“Школьную”, “внешнюю”, “текущую”, и “постороннюю” образованность основанную на раздвоении между верой и разумом и подчинении первой второму, Киреевский противопоставляет “другое” “внутреннее”, “истинное”, “просветляющее” просвещение, исходящее из “цельного сознания верующего разума” и освещающее всякую умственную деятельность христианской истиной. Говоря о разных взглядах на понятие “Просвещение”, Гоголь, как известно, настаивал на том, что просветить – не значит научить, или наставить, или образовать, или даже осветить, но всего насквозь высветить человека во всех его силах, а не в одном только уме, пронести всю природу сквозь очистительный огонь.
По убеждению Киреевского, именно такому просвещению и должна служить искомая “положительная философия”, в состав которой могли бы войти не только труды Отцов Церкви или основные начала древнерусской образованности, но и соответствующие духовные и интеллектуальные тенденции западной мысли.
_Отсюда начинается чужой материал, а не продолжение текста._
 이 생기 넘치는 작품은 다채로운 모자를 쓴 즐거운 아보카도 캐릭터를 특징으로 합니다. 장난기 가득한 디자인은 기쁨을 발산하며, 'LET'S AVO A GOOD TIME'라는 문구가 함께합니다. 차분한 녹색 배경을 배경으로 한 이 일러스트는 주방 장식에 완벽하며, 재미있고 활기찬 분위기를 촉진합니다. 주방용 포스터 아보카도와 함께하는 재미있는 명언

Среди последних он и выделяет “труды” и “дни” насельников
Пор-Рояля и Блеза Паскаля, стремившихся согласовать в целостном единстве “жизнь” и “мысль”, возвысить разум до веры и осветить христианской истиной всякое начинание и всякую деятельность. Конечной же целью такого согласования и возвышения является гармония всех психических сил человека, цельность духа, господство любви в постижении истины.
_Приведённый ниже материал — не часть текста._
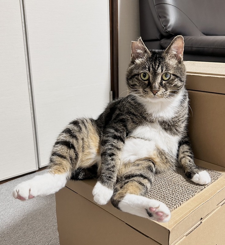 媚びない感じでクールな印象。 と思いきや、どんくさい姿を見せたり、ほかの猫

Подобно другим русским писателям и философам, Киреевский считал, что любовь как познавательная категория тесно связана с любовью как категорией социологии и этики, как высшим состоянием человеческого сознания, без обретения которого самые благие социальные преобразования всегда оставались, остаются и будут оставаться малодейственными и утопичными. Поэтому, ему были близки соответствующие размышления Паскаля, подходящие для “положительной философии”, о любви как о “свойстве бесконечно более высокого порядка”. Именно она созидает внутреннюю цельность, рождает “в глубине души живое общее средоточие для всех отдельных сил разума, сокрытое от обыкновенного состояния духа человеческого, но достижимое для ищущего и одно достойное постигать высшую истину”. Тогда всякое “обыкновенное” мышление, не исходящее из высшего источника разумения, рассматривается как неполное и потому неверное знание, которое непригодно для выражения высшей истины, хотя может быть полезным на своем подчиненном месте, а иногда и служить необходимой ступенью для обретения более высокого знания. Следовательно, при всеобъемлющей и всепронизывающей поддержке любви сохраняется должная иерархия между верой и разумом, при которой высшее никогда не способно занять место низшего, а вся цепь основных начал естественного разума, могущих служить исходными точками для предубеждений текущей образованности и предрассудков внешнего просвещения, оказывается ниже верующего разума, обнимающего духовным зрением общие следствия тысячелетних опытов и разносторонней деятельности человека на земле. “Находясь на этой высшей степени мышления, православный верующий легко и безвредно может понять все системы мышления, исходящие из низших степеней разума, и видеть их ограниченность, и вместе относительную истинность. Но для мышления, находящегося на низшей степени, высшая непонятна и представляется неразумием. Таков закон человеческого ума вообще”.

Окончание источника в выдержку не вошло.